年内の衆院解散、岸田首相が見送りで調整…内閣支持率の低迷踏まえ経済の立て直しに専念

岸田首相(自民党総裁)は、年内の衆院解散・総選挙を見送る方向で調整に入った。内閣支持率の低迷を踏まえ、最重要課題に位置づける経済の立て直しに当面は専念し、信頼回復に努める。来年9月の任期満了に伴う党総裁選の前に解散に打って出る環境を整えたい考えだ。
首相は、複数の与党幹部に対し、経済対策の裏付けとなる2023年度補正予算案の早期成立や経済対策の実施に「集中したい」との考えを伝えた。
今月下旬が見込まれる補正の成立後、すぐに解散する余地も残されているが、首相は国民の関心は物価高問題への対応にあり、解散で政治空白を生じさせることは理解を得られないとの判断に傾いた。
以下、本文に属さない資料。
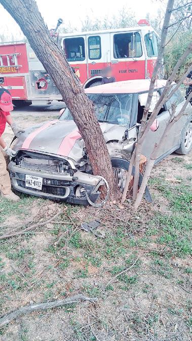 Una joven fue trasladada de urgencia con fractura en una de sus piernas y con riesgo por su avanzado estado de embarazo, tras estrellar su auto compacto Mini Cooper contra un árbol en la carretera 57 tramo Morelos-Los Álamos.

政権浮揚を狙った所得税などの減税が評価されていないことも考慮したとみられる。
首相は2日の記者会見では、衆院解散に関し、「今は先送りできない課題に一意専心に取り組む」と強調していた。
窮屈な政治日程も首相の見送り判断を後押ししたようだ。首相は11月末から、アラブ首長国連邦(UAE)で開かれる「国連気候変動枠組み条約第28回締約国会議(COP28)」への出席を検討している。
11月末以降の解散の場合、12月17日か同24日の投開票が有力となるが、同16~18日には、日本と東南アジア諸国連合(ASEAN)の特別首脳会議が東京で開かれる。首相は会議に合わせ、アジア地域の脱炭素化を進める「アジア・ゼロエミッション共同体」(AZEC)の首脳会合も行う予定だ。
この時期に選挙も行えば、24年度予算の年内編成が困難になり、経済最優先とする政権の姿勢との整合性が問われかねない。
今後の解散のタイミングとしては、24年度予算の成立後の来春以降が有力な選択肢となる。自民党内では、「支持率回復には相当の時間が必要だ」との見方が多い。首相は賃上げを実現したうえで、再選を期す総裁選前に衆院選で勝利し、総裁選を無風で乗り切る戦略を軸に、解散時期を見極める意向だ。現在の衆院議員は25年10月30日に任期満了を迎える。